Skip to content

Stationary Tests (R)

Tests of stationarity

This is the second post on ARIMA time series forecasting method. In the first post, we discussed stationarity, random walk and other concepts. In this blog, we are going to discuss various ways one can test for stationarity.

Two types of tests are introduced in this blog
1. Unit root tests
2. Independence tests

Data

For the following blog, we will use a sample from attendance data set described in EDA blogs.

From the time series and ACF plots, one can observe non-stationarity and decreasing trend.

Unit root tests

As discussed in the previous blog, unit root stochastic process is another name for Random walk process. A random walk process can be written as $$ Y_t=\rho \times Y_{t−1} + \epsilon_t $$ Where \(\rho = 1\). If \(|\rho|<1\) then the process represents Markov first order auto regressive model which is stationary. Only for \(\rho=1\) we get non-stationary.

The above equation can be alternatively written as $$ Y_t - Y_{t-1} = \Delta Y_t = \delta \times Y_{t-1} + \epsilon_t $$ Where \(\delta = \rho -1\). For non-stationarity, the condition now becomes \(\delta = 0\) the alternative hypothesis being \(\delta < 0\). The null and alternate hypothesis are:
$$ H_0: \delta = 0 $$ $$ H_1 : \delta < 0 $$ Under this null hypothesis, \(Y_{t-1}\) does not follow a normal distribution(or t-distribution).

Dickey and Fuller have shown that for the above null and alternate hypothesis, the estimated test statistic follows the \(\tau\) statistic.
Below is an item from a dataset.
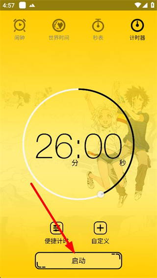 3、设置好时长后,点击底部的启动按钮,即可开始计时。

If the hypothesis that \(\delta=0\) is rejected, that is if the series is stationary, then we can use the t-test for further analysis.

Dickey Fuller tests

The Dickey fuller tests contains two steps.
1. Test if the series is stationary
2. If the series is not stationary, test what kind of non-stationarity is present

As non-stationarity can exist in three ways, the dickey fuller test is estimated in three different forms
\(Y_t\) is a random walk : \(\Delta Y_t = \delta Y_{t-1} + \epsilon_t\)
\(Y_t\) is a random walk with drift : \(\Delta Y_t = \beta_1 + \delta Y_{t-1} + \epsilon_t\)
\(Y_t\) is a random walk with drift around a deterministic trend : \(\Delta Y_t = \beta_1 + \beta_2 t +\delta Y_{t-1} + \epsilon_t\)

In each case, the null hypothesis is that \(\delta = 0\), i.e., there is a unit root—the time series is non-stationary. The alternative hypothesis is that \(\delta < 0\) that is, the time series is stationary.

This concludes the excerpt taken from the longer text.